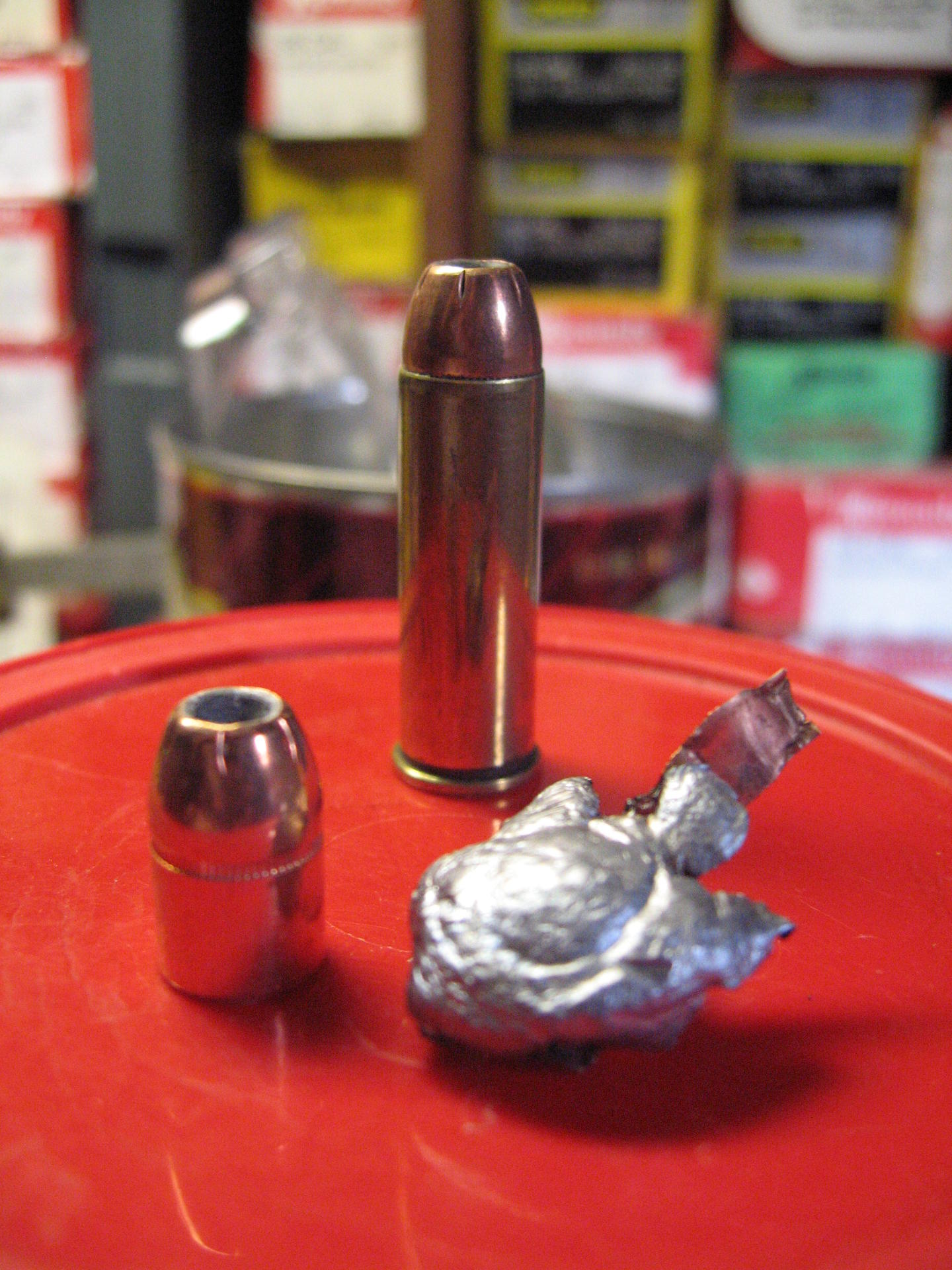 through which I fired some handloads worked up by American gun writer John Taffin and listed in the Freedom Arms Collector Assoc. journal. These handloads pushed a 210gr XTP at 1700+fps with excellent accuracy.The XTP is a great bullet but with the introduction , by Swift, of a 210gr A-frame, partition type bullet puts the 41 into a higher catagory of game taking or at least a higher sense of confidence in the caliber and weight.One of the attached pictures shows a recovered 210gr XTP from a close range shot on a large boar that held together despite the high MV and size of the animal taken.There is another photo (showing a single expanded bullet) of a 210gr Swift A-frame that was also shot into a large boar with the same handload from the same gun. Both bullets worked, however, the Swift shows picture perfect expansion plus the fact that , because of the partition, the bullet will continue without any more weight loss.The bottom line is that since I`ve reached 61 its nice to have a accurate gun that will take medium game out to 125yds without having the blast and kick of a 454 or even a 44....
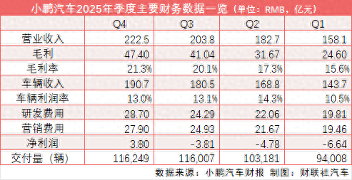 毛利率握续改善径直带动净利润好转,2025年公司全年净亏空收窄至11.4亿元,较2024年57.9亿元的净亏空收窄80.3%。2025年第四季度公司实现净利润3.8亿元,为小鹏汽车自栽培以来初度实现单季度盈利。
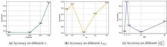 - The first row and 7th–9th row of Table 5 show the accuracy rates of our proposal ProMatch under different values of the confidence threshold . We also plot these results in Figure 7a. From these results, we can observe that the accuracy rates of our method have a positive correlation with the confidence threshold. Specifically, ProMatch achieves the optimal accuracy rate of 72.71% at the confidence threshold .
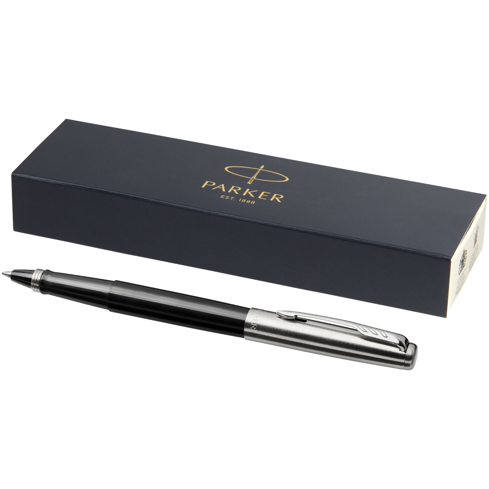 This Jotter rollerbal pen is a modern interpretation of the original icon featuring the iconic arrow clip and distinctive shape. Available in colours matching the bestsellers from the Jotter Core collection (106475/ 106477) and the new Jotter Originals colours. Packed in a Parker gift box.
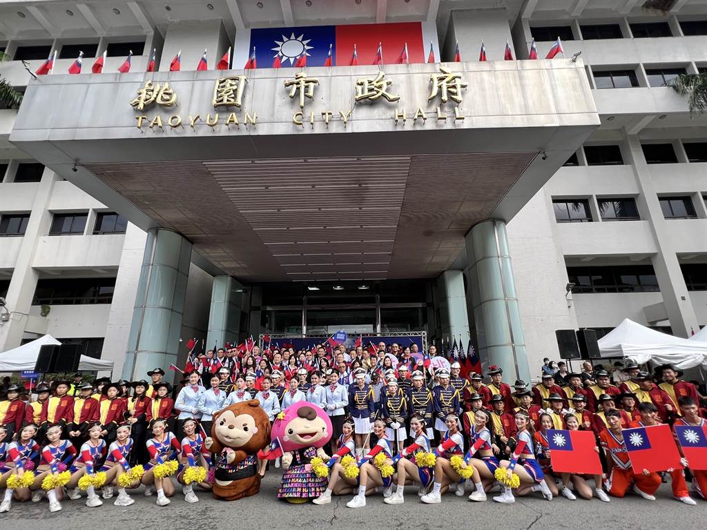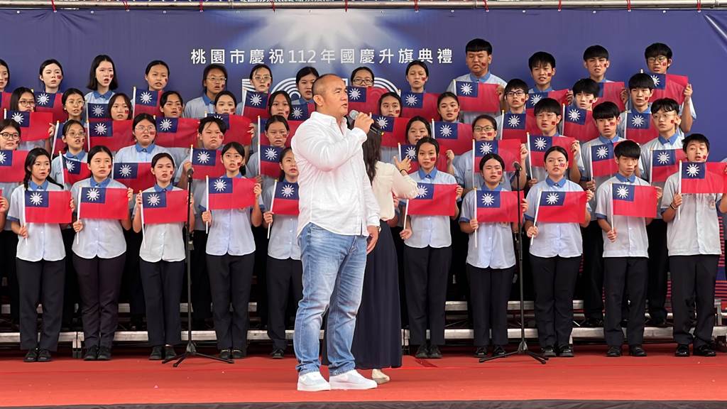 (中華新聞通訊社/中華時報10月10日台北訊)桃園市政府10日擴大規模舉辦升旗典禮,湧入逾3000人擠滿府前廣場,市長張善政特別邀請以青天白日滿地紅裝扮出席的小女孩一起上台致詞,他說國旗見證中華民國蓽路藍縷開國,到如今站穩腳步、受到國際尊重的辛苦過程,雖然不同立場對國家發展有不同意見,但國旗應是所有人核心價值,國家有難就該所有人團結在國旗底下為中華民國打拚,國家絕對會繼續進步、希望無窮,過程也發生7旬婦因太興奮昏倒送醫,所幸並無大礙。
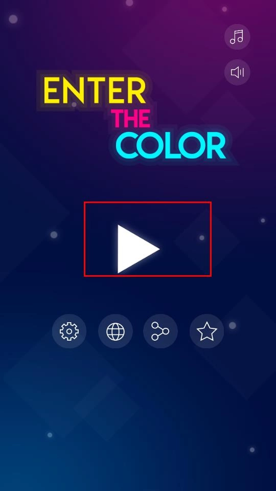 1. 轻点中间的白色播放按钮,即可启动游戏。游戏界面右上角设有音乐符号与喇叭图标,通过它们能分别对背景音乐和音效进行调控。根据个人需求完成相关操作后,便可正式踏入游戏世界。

_Goal of the exercise_.
All of the records above should be returned exactly, though the pictures should not.

_Answer for the task_.
 through which I fired some handloads worked up by American gun writer John Taffin and listed in the Freedom Arms Collector Assoc. journal. These handloads pushed a 210gr XTP at 1700+fps with excellent accuracy.The XTP is a great bullet but with the introduction , by Swift, of a 210gr A-frame, partition type bullet puts the 41 into a higher catagory of game taking or at least a higher sense of confidence in the caliber and weight.One of the attached pictures shows a recovered 210gr XTP from a close range shot on a large boar that held together despite the high MV and size of the animal taken.There is another photo (showing a single expanded bullet) of a 210gr Swift A-frame that was also shot into a large boar with the same handload from the same gun. Both bullets worked, however, the Swift shows picture perfect expansion plus the fact that , because of the partition, the bullet will continue without any more weight loss.The bottom line is that since I`ve reached 61 its nice to have a accurate gun that will take medium game out to 125yds without having the blast and kick of a 454 or even a 44....
 毛利率握续改善径直带动净利润好转,2025年公司全年净亏空收窄至11.4亿元,较2024年57.9亿元的净亏空收窄80.3%。2025年第四季度公司实现净利润3.8亿元,为小鹏汽车自栽培以来初度实现单季度盈利。
 - The first row and 7th–9th row of Table 5 show the accuracy rates of our proposal ProMatch under different values of the confidence threshold . We also plot these results in Figure 7a. From these results, we can observe that the accuracy rates of our method have a positive correlation with the confidence threshold. Specifically, ProMatch achieves the optimal accuracy rate of 72.71% at the confidence threshold .
 This Jotter rollerbal pen is a modern interpretation of the original icon featuring the iconic arrow clip and distinctive shape. Available in colours matching the bestsellers from the Jotter Core collection (106475/ 106477) and the new Jotter Originals colours. Packed in a Parker gift box.
 (中華新聞通訊社/中華時報10月10日台北訊)桃園市政府10日擴大規模舉辦升旗典禮,湧入逾3000人擠滿府前廣場,市長張善政特別邀請以青天白日滿地紅裝扮出席的小女孩一起上台致詞,他說國旗見證中華民國蓽路藍縷開國,到如今站穩腳步、受到國際尊重的辛苦過程,雖然不同立場對國家發展有不同意見,但國旗應是所有人核心價值,國家有難就該所有人團結在國旗底下為中華民國打拚,國家絕對會繼續進步、希望無窮,過程也發生7旬婦因太興奮昏倒送醫,所幸並無大礙。
 1. 轻点中间的白色播放按钮,即可启动游戏。游戏界面右上角设有音乐符号与喇叭图标,通过它们能分别对背景音乐和音效进行调控。根据个人需求完成相关操作后,便可正式踏入游戏世界。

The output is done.